Train word embedding

Description

example

emb = trainWordEmbedding(filename) trains a word embedding using the training data stored in the text file filename. The file is a collection of documents stored in UTF-8 with one document per line and words separated by whitespace.

example

emb = trainWordEmbedding(documents) trains a word embedding using documents by creating a temporary file with writeTextDocument, and then trains an embedding using the temporary file.

example

emb = trainWordEmbedding(___,Name,Value) specifies additional options using one or more name-value pair arguments. For example, 'Dimension',50 specifies the word embedding dimension to be 50.

Examples

collapse all

Train a word embedding of dimension 100 using the example text file sonnetsPreprocessed.txt. This file contains preprocessed versions of Shakespeare's sonnets, with one sonnet per line and words separated by a space.

filename = "sonnetsPreprocessed.txt";
emb = trainWordEmbedding(filename)
Training: 100% Loss: 3.19099  Remaining time: 0 hours 0 minutes.
emb = 
  wordEmbedding with properties:

     Dimension: 100
    Vocabulary: ["thy"    "thou"    "love"    "thee"    "doth"    "mine"    "shall"    "eyes"    "sweet"    "time"    "nor"    "beauty"    "yet"    "art"    "heart"    "o"    "thine"    "hath"    "fair"    "make"    "still"    ...    ] (1x401 string)
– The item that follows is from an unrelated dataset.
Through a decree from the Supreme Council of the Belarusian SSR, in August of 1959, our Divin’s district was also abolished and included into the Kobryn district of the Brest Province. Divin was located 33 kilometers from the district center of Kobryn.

View the word embedding in a text scatter plot using tsne.

words = emb.Vocabulary;
V = word2vec(emb,words);
XY = tsne(V);
textscatter(XY,words)

Train a word embedding using the example data sonnetsPreprocessed.txt. This file contains preprocessed versions of Shakespeare's sonnets. The file contains one sonnet per line, with words separated by a space. Extract the text from sonnetsPreprocessed.txt, split the text into documents at newline characters, and then tokenize the documents.

filename = "sonnetsPreprocessed.txt";
str = extractFileText(filename);
textData = split(str,newline);
documents = tokenizedDocument(textData);

Train a word embedding using trainWordEmbedding.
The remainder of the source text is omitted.